The recent changes which have been made in the ministry, of which I have already informed you, do not justify any very strong expectation that a change of measures in relation to our affairs at this Court will follow. The same individuals fill different places in the ministry from those which they formerly held, but in all probability adhere to their former opinions in relation to the subjects of discussion between the United States and France. On the point to which my letter to the Baron de Damas particularly relates the Count de Villele has already given his deliberate views in his letters to Mr. Gallatin dated 6th and 15th November, 1822, and I have every reason to believe that they remain unchanged. Having bestowed much attention on the subject, it is probable his opinion will be in a great measure decisive as to the answer which shall be given to my letter.
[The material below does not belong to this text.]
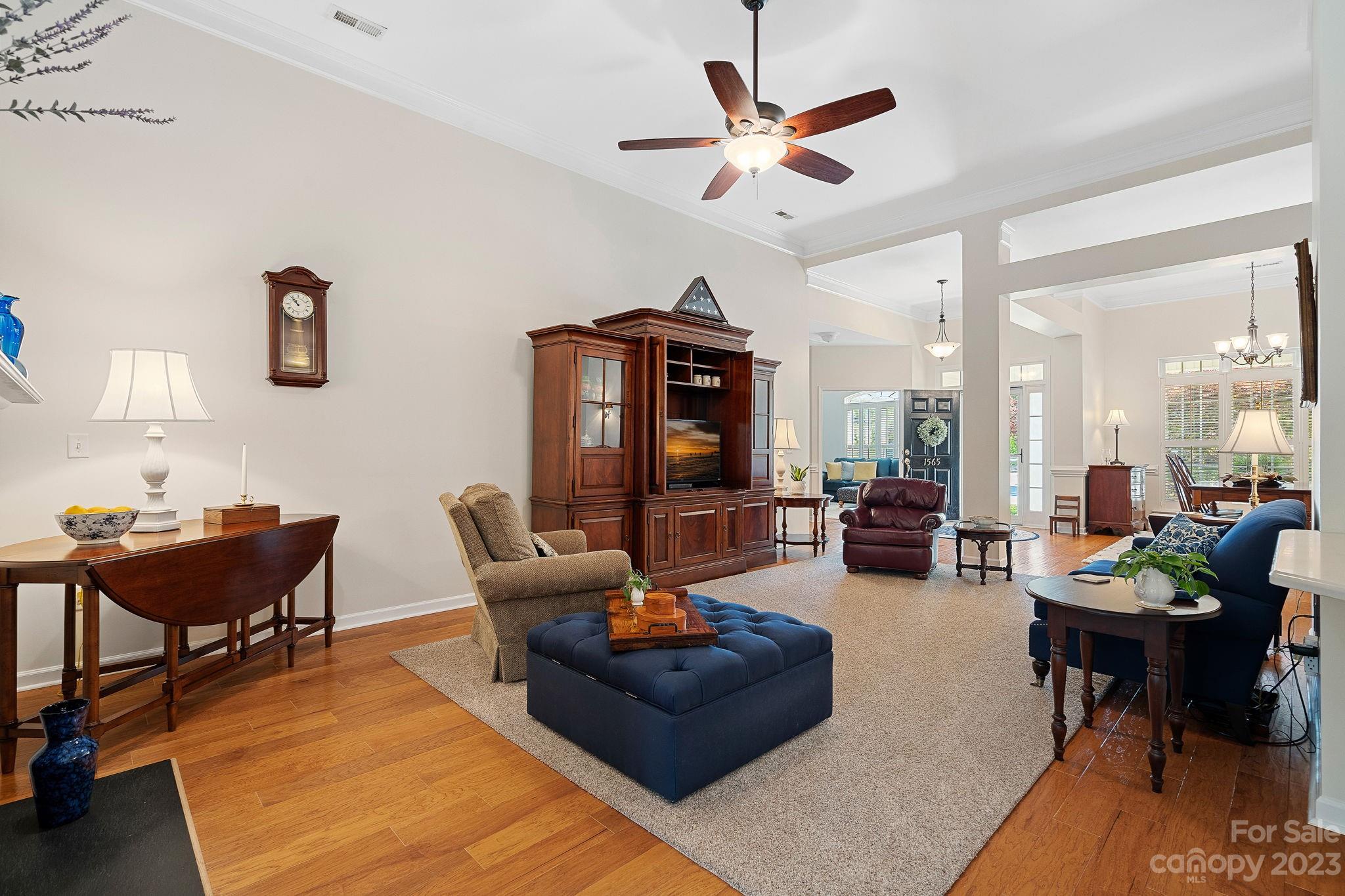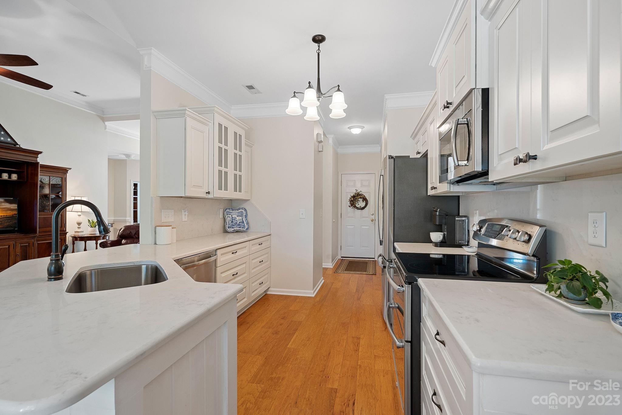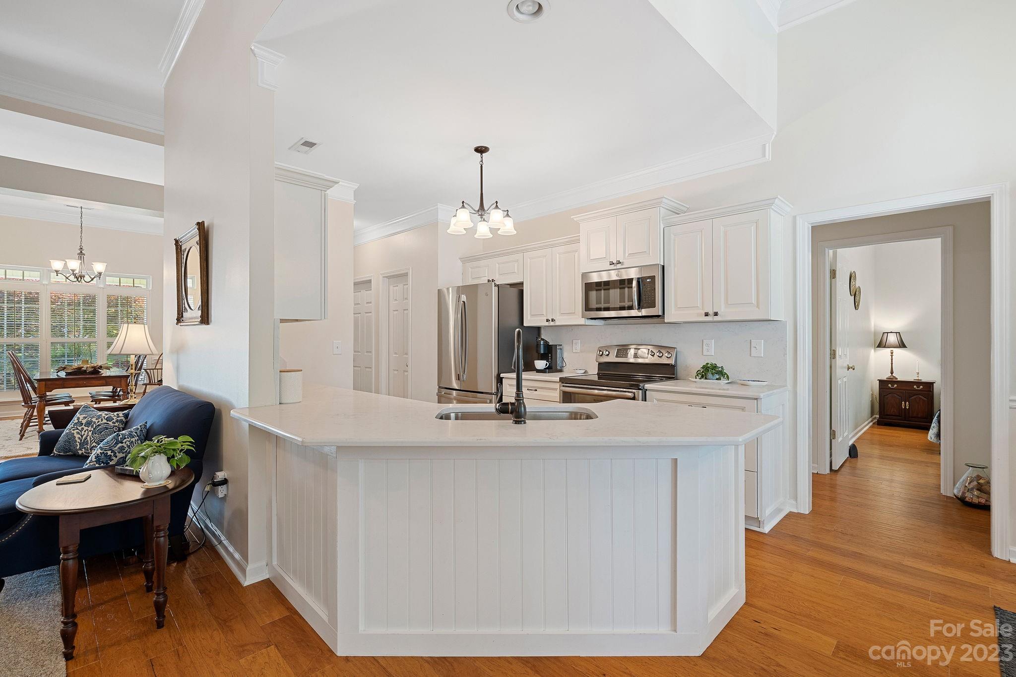 Rare find in Verdict Ridge! This tastefully updated, spacious ranch sits on a corner lot. The kitchen has been fully renovated with new white cabinetry, quartz countertops, and GE Pro appliances. In addition to the Great Room, there’s a formal dining room, an office with French doors, and a bright sunroom overlooking the backyard. Beautiful wide-plank engineered floors have been installed throughout the home. The primary bedroom has a tray ceiling and its private bathroom has been updated with a walk-in shower and tile floor. Two good-sized bedrooms sit on the opposite side of the house with another full bathroom. New HVAC in 2020. Neutral paint. A large paver patio is perfect for entertaining and enjoying the fenced-in backyard. Refrigerators and sunroom furniture will convey. Use of the neighborhood amenities requires private club membership. New roof will be installed soon!

It is the opinion of many well-informed men that in the course of a few months important changes will be made in the composition of the ministry. As these changes, however, will proceed from causes wholly unconnected with foreign affairs, I am by no means sanguine in my expectations that under any new composition of the ministry we may hope for a change of policy as it relates to our claims. The eighth article of the Louisiana treaty will be continually put forward as a bar to our claims and its adjustment urged as often as we renew our claim for indemnity.
The Journal des Débats of this morning states that at a superior council of commerce and of the colonies at which His Majesty yesterday presided Mr. De St. Cricq, president of the bureau de commerce, made a report on the commercial convention of the 24th June, 1822, between the United States and France.
Mr. Brown to Baron de Damas.
PARIS, October 22, 1824.
His Excellency BARON DE DAMAS,
Minister of Foreign Affairs, etc.
SIR: I availed myself of the earliest opportunity to transmit to my Government a copy of the letter which I had the honor to address to the Viscount de Chateaubriand on the 28th day of April last, together with a copy of his answer to that letter, dated 7th of May.
After a candid and deliberate consideration of the subject of that correspondence, my Government has sent me recent instructions to renew with earnestness the application, already so frequently and so ineffectually made, for indemnity to our citizens for claims notoriously just, and resting on the same principles with others which have been admitted and adjusted by the Government of France.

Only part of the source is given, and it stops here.